= Party of Democratic Forces =

The Party of Democratic Forces (Partidul Forțelor Democratice, PFD) was a political party in Moldova.

==History==
The party was established in January 1993 as the Congress of Intellectuals, a breakaway from the Christian Democratic Popular Front (FPCD). The FPCD called for immediate unification with Romania, whilst the CI was more moderate. It was officially registered on 18 June.

Prior to the 1994 elections, it joined the Bloc of Peasants and Intellectuals, alongside the Alliance of Free Peasants (AȚL), the Democratic Christian League of the Women of Moldova (LDCFM), the Christian Democratic Party of Moldova (PDCM), and the National Liberal Party (PNL).
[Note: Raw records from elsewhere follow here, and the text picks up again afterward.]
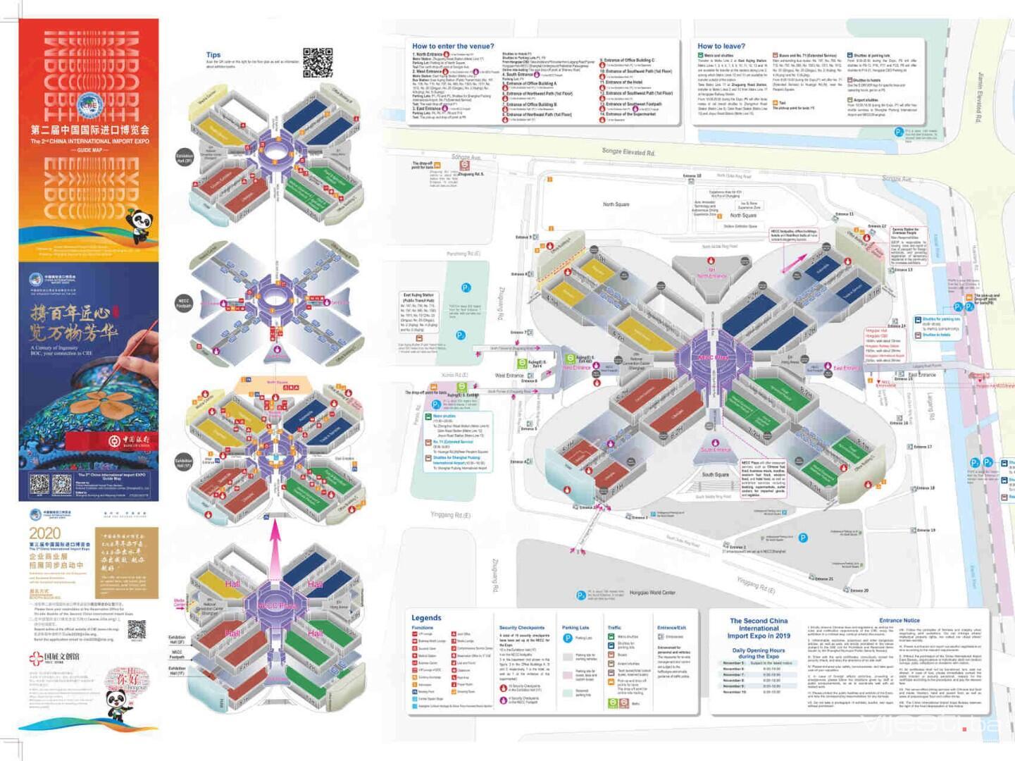 Sa ukupnom građevinskom površinom od gotovo 1,5 miliona m². objekti u NECC-u (Šangaj) uključuju izložbene hale, trgovački centar, poslovne zgrade i hotel. Ove četiri cjeline povezane su uzdignutim Izložbenim bulevarom visine 8 metara, što omogućava posjetiocima lako kretanje između različitih funkcionalnih područja.
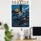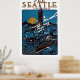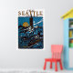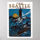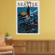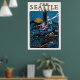 A vintage poster promoting travel to Seattle, Washington during the year 1915. Handsome view of Seattle's port and architecture as seen at night with a full moon rising in the background.
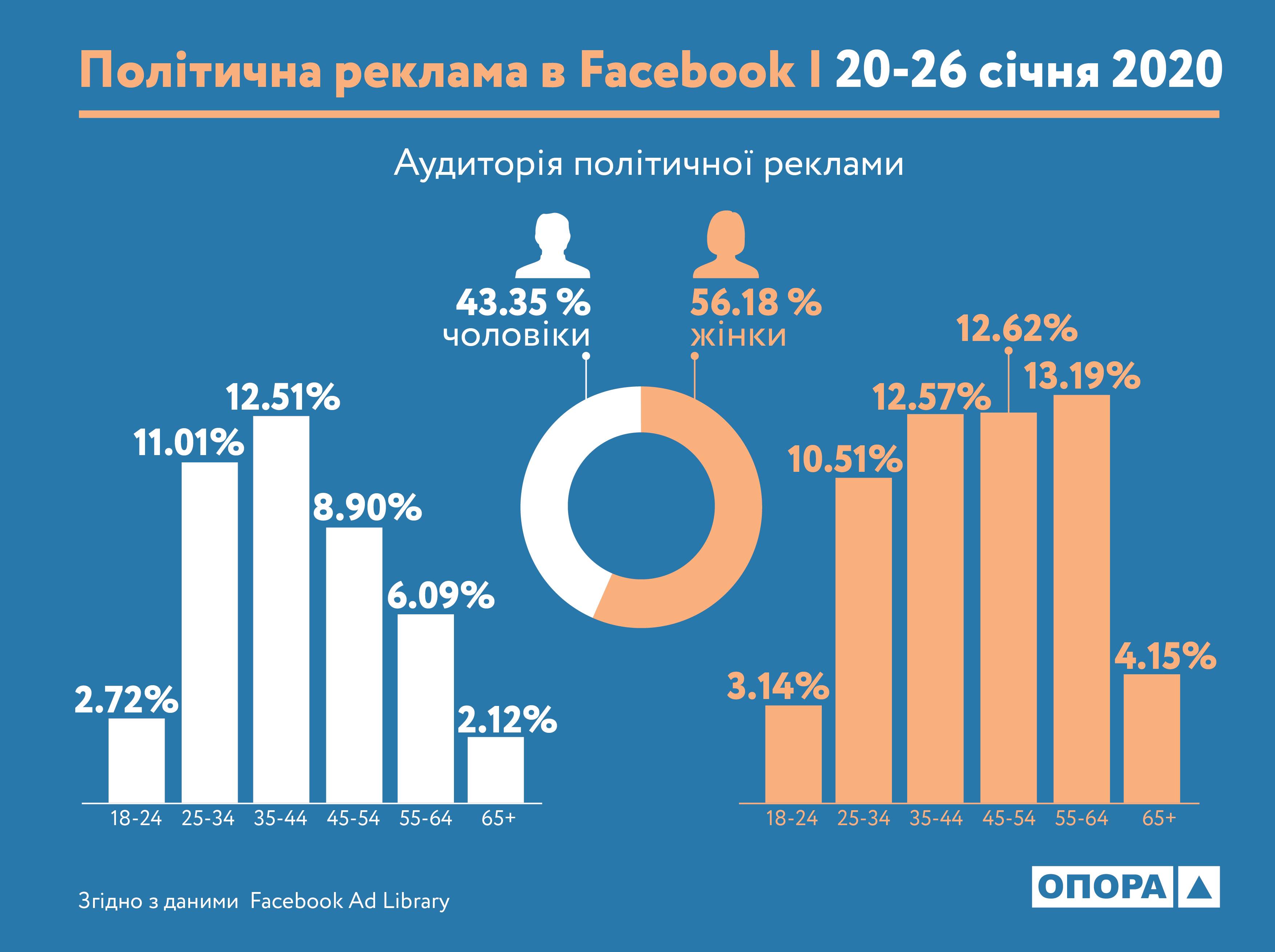 Донести інформацію з рекламних повідомлень замовники прагнули переважно до жіночої аудиторії користувачів Facebook та Instagram. Тож за тиждень з 20 по 26 січня найбільше її переглянули жінки (56,18%). Чоловіча аудиторія рекламних повідомлень склала 43,35%.
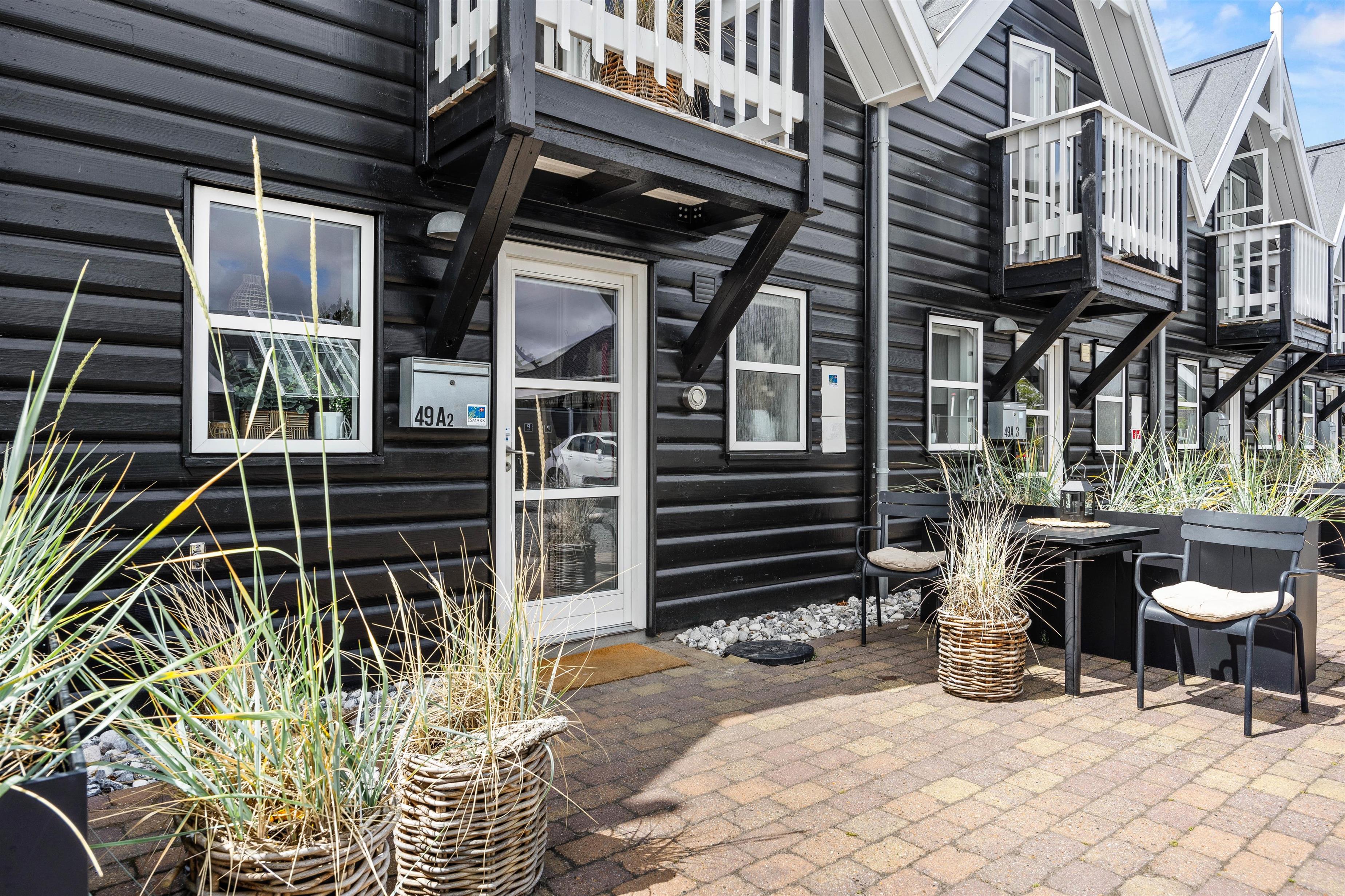 Ved ferielejlighedens indgang finder I ligeledes en lille siddekrog. Herfra kan morgensolen nydes, mens dagens udflugter tilrettelægges.
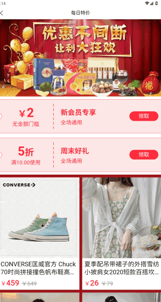 2、点击每日特价,看一看有没有打折的商(shang)品(pin),还有无金额门槛卷和打折卷领取。
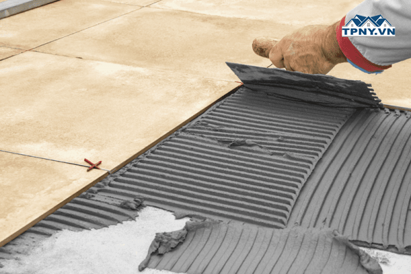 - Với trường hợp cần lát gạch cho miếng gạch kích thước lớn. Trong lúc thi công nên quét một lớp mỏng keo sau bề mặt gạch để tăng cường thêm độ dính.
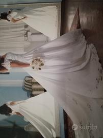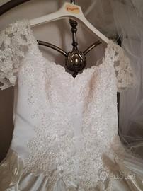 Abito da sposa come nuovo con corpetto ricco di perline e maniche traforate. Lungo strascico ricamato completo di accessori : velo lungo, bouquet, guanti e portafedi .
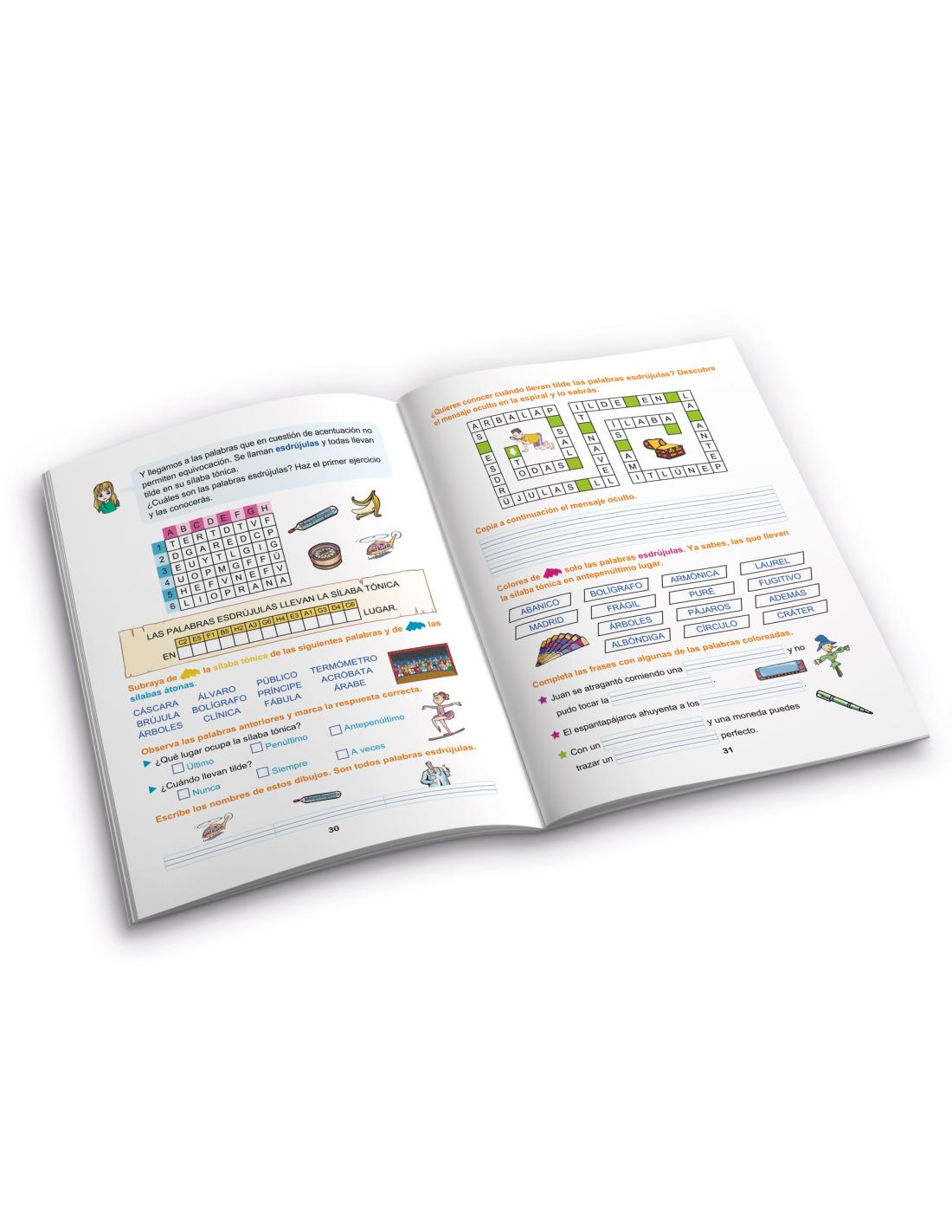 Orientado a 4º de Educación Primaria. Aplica una metodología activa e inductiva partiendo de actividades que trabajan ejemplos normativos concretos y cercanos al niño/a, siendo un perfecto apoyo para que trabajen con gran interés y de forma autónoma.
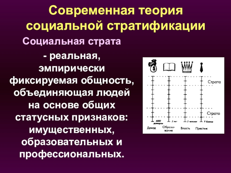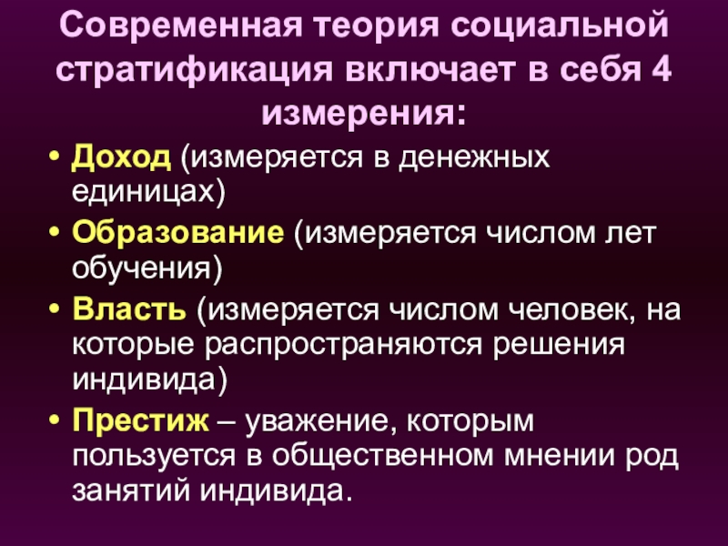 Слайд 17Современная теория социальной стратификация включает в себя 4 измерения:

The bloc received 9% of the vote, winning 11 of the 104 seats and becoming the third-largest faction in Parliament.

In June 1994, PDCM and the seatless Democratic Party merged into the Congress of the Intellectuals, which was renamed United Democratic Congress. The party contested the 1995 local elections as part of the Alliance of Democratic Forces, and was renamed the Party of Democratic Forces in October that year. Valeriu Matei was nominated as the party's candidate for the 1996 presidential elections. He came fifth with 8.9% of the vote. The PFD won 11 seats in the 1998 elections, emerging as the fourth-largest bloc in Parliament. It subsequently joined the Alliance for Democracy and Reforms governing coalition.

In the 1999 local elections, the party won around 8% of council seats and mayoralties. However, the 2001 elections saw the party's vote share fall from 8.8% to 1.2%, as it lost all its MPs. Following its electoral defeat, it merged into the Social Liberal Party after a vote at its ninth congress on 1 December 2002.